_ACTIVITY_:
Repeat, please, exactly the lines from the one that has "OBERA. Los comicios" through the end of the records below, with pictures dropped.

_RECORDED DATA_:
***
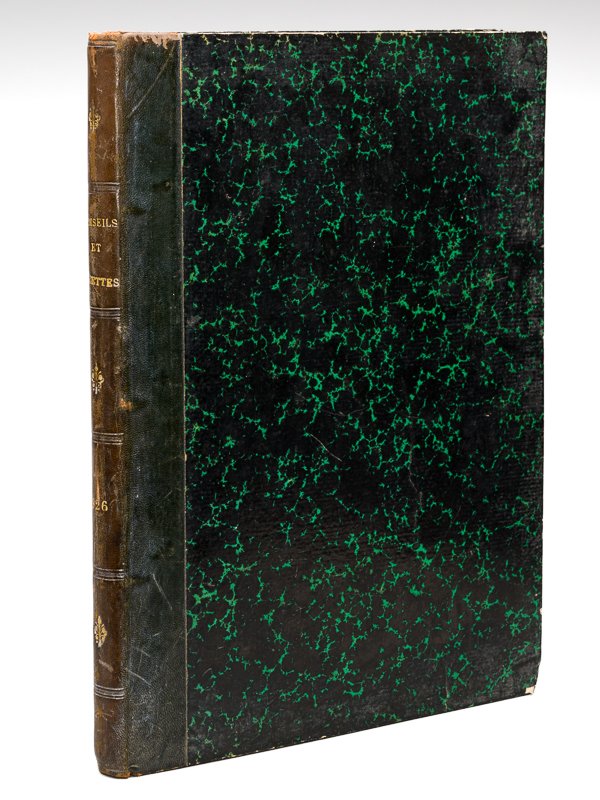 1 vol. in-4 reliure uniforme demi-basane verte, dos lisse orné, environ 92 feuillets : Conseils et Recettes [ Année 1926 : plus de 1000 recettes et conseils pratiques recueillis en 1 volume, avec table des matières manuscrite ] Etonnant et impressionnant recueil de plus de 1000 recettes et conseils pratiques, en autant d'articles contrecollés, découpés dans des journaux de l'époque non identifiés. Chaque volume est pourvu d'une table des matières manuscrites, qui recense par ordre alphabétique les innombrables recettes et conseils pratiques ; les recettes sont beaucoup plus nombreuses que les conseils pratiques (probablement 9 recettes pour un conseil pratique) : tanches farcies ; soupe brunoise à l'orge, taches de jus de groseilles, soufflé aux chicorées, rouget-grondin saue tartare, cardons à la poulette, colin Cyrano, blinis à la russe, omelette aux pommes, râble de lièvre à la Picarde, le Mègre, gâteau Sylvia, sole normande à la mode du pays de Caux, poitrine de veau provençale, etc. Bon état.
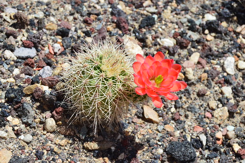Description: Ash gray needle spines on robust stems form dense clumps. Flowers bright red with yellow centers.
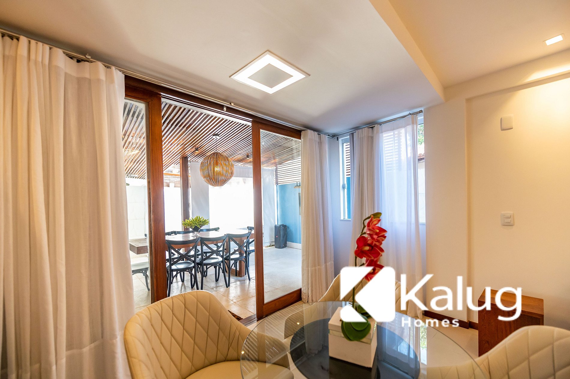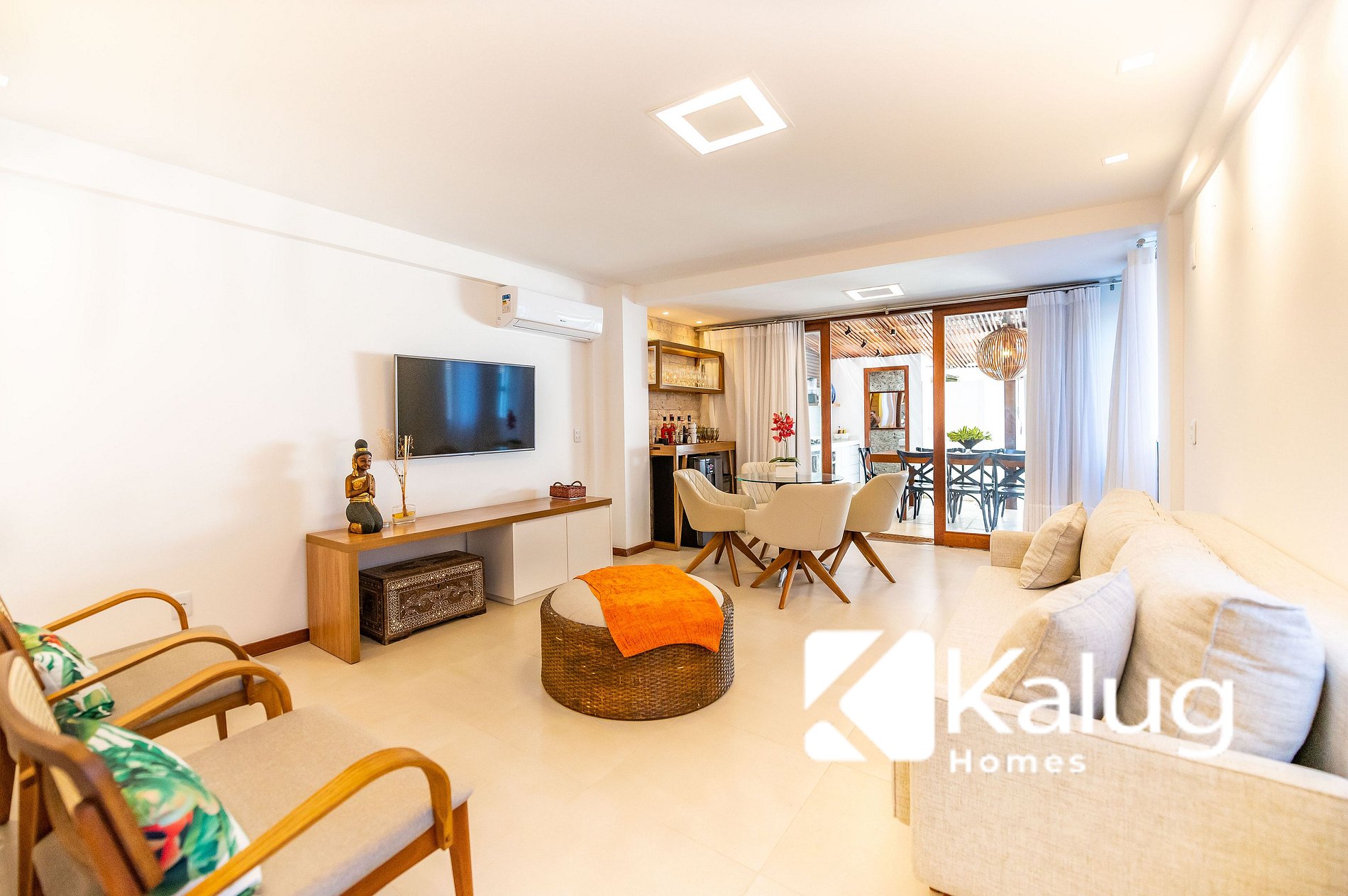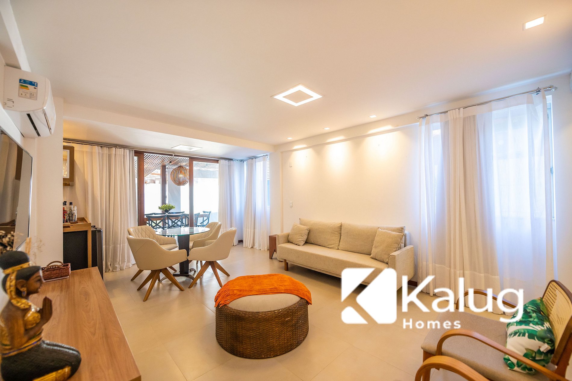 -> Sala de estar/jantar com sofá cama, ar condicionado, mesa de jantar, adega, cervejeira e smart Tv;
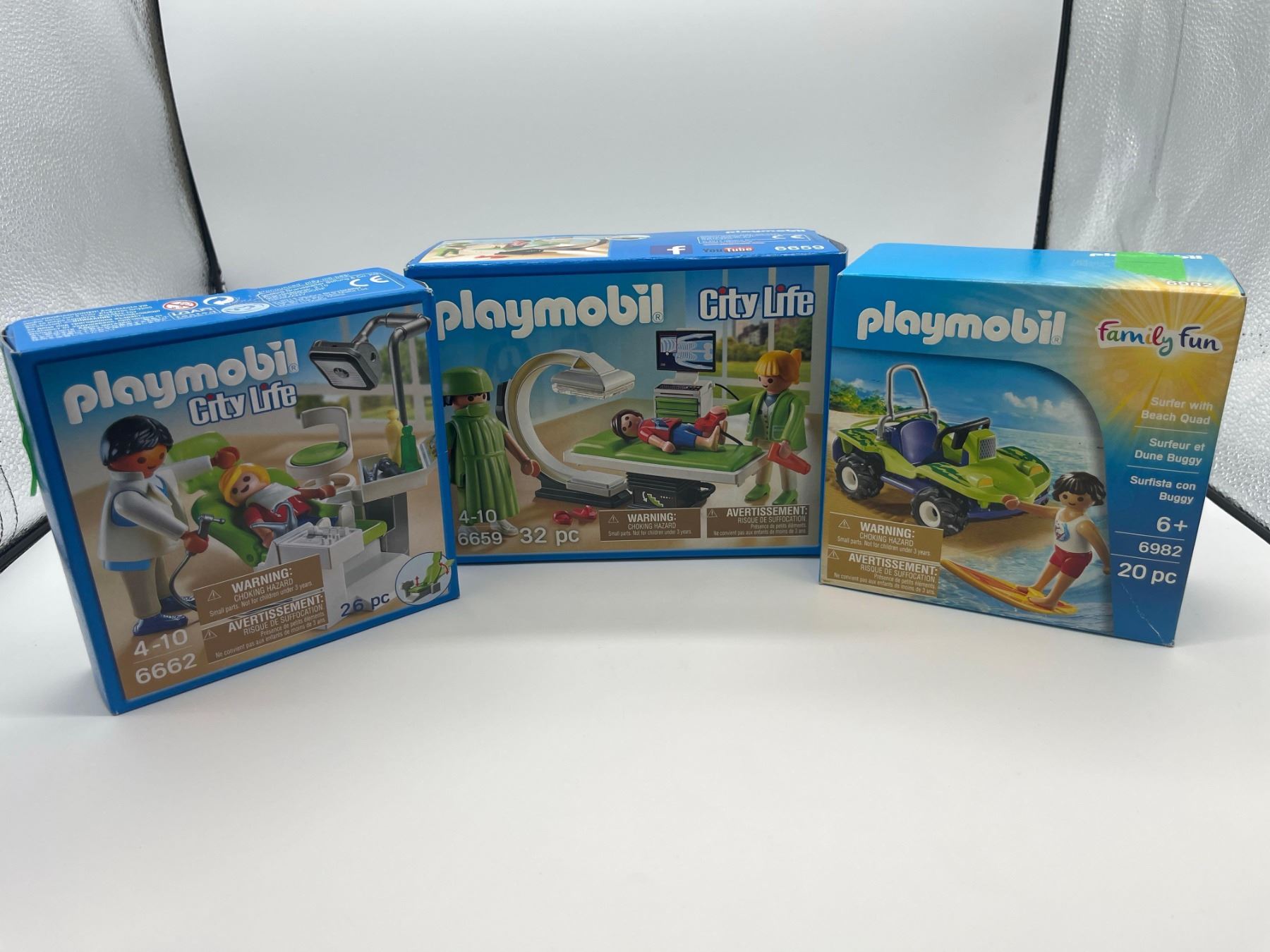 Playmobil City Life Dentist #6662 26pcs & X-Ray #6659 32pcs & Family Fun Surfer with Beach Quad #6982 20pcs
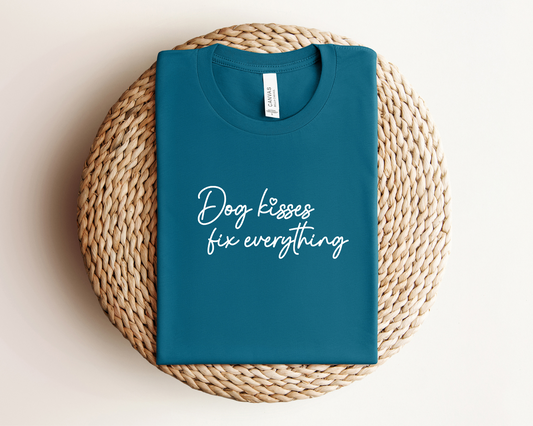 Dog Kisses Fix Everything T-shirt, Deep Teal
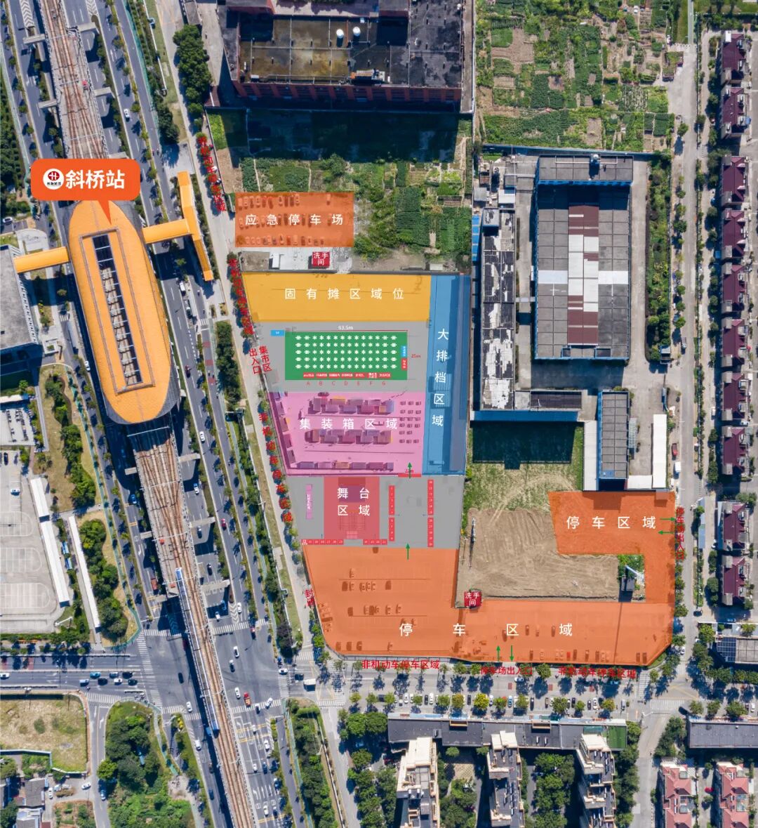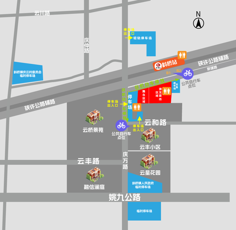 活动现场周边设有多个临时停车场以及非机动车停车区域,供您参考:
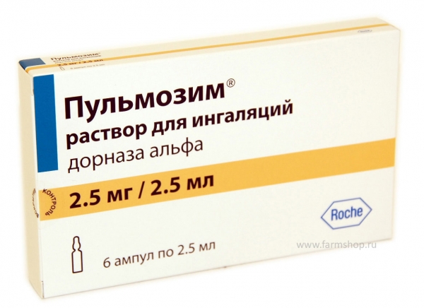 В 1 мл средства Пульмозим содержится 2,5 мг или 2500 ЕД дорназа альфа.
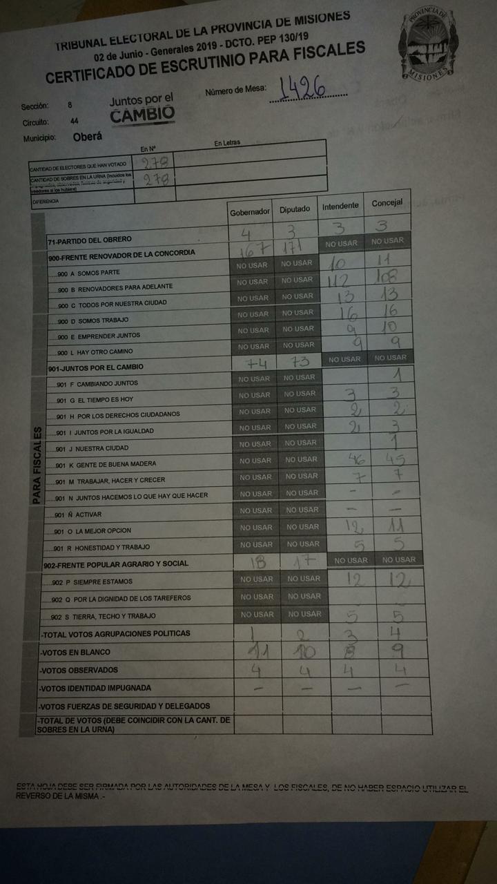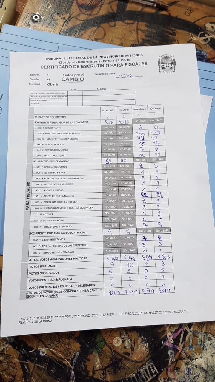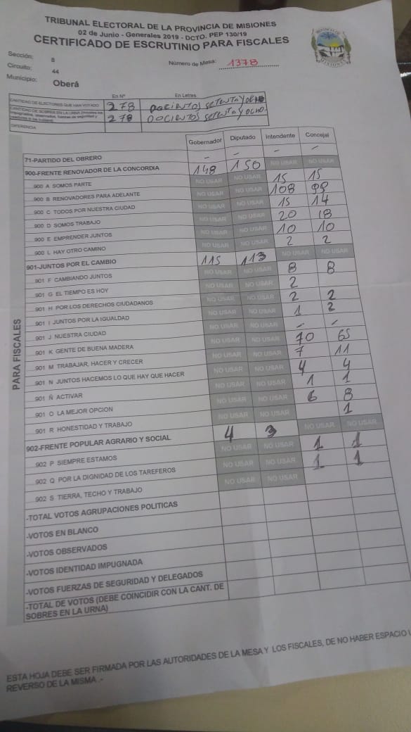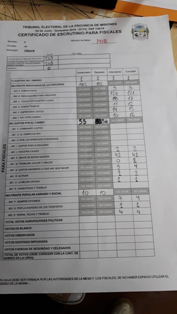 OBERA. Los comicios cerraron a las 18 horas sin mayores incidentes. En la escuelas 660, la diputada y candidata a intendente, Guiliana Perini estuvo más de media hora fuera de la institución ya que las autoridades no la dejaban ingresar. Recurrió a sus abogados. Dentro, no dejaban ingresar a sus fiscales a los cuartos oscuros para el conteo. Apuntó contra la Renovación. El porcentaje de electores alcanzó casi el 80 % en Oberá y Campo Viera, 82 % en Campo Grande y más del 90 en Pozo Azul, donde se eligen autoridades por primera vez.
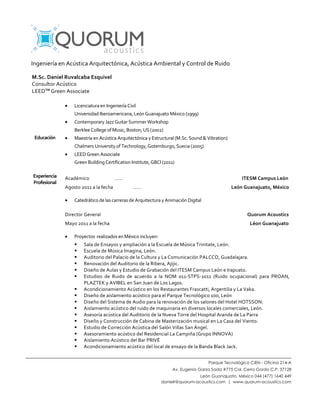 Quorum Acoustics es una empresa especializada en acústica arquitectónica, acústica ambiental y control de ruido. Ofrece servicios como aislamiento acústico, acondicionamiento acústico, estudios de ruido ambiental e industrial, y diseño y construcción de estudios de grabación, entre otros. Su objetivo es crear entornos con condiciones acústicas óptimas.
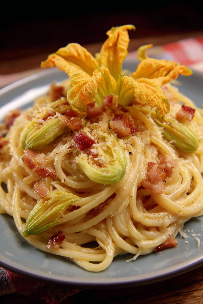 If you’ve never cooked with zucchini flowers before, this is the perfect recipe to start. They transform a classic carbonara into something memorable, elegant, and full of sunshine.
***
_OUTPUT OF THE TASK_:
 OBERA. Los comicios cerraron a las 18 horas sin mayores incidentes. En la escuelas 660, la diputada y candidata a intendente, Guiliana Perini estuvo más de media hora fuera de la institución ya que las autoridades no la dejaban ingresar. Recurrió a sus abogados. Dentro, no dejaban ingresar a sus fiscales a los cuartos oscuros para el conteo. Apuntó contra la Renovación. El porcentaje de electores alcanzó casi el 80 % en Oberá y Campo Viera, 82 % en Campo Grande y más del 90 en Pozo Azul, donde se eligen autoridades por primera vez.
 Quorum Acoustics es una empresa especializada en acústica arquitectónica, acústica ambiental y control de ruido. Ofrece servicios como aislamiento acústico, acondicionamiento acústico, estudios de ruido ambiental e industrial, y diseño y construcción de estudios de grabación, entre otros. Su objetivo es crear entornos con condiciones acústicas óptimas.
 If you’ve never cooked with zucchini flowers before, this is the perfect recipe to start. They transform a classic carbonara into something memorable, elegant, and full of sunshine.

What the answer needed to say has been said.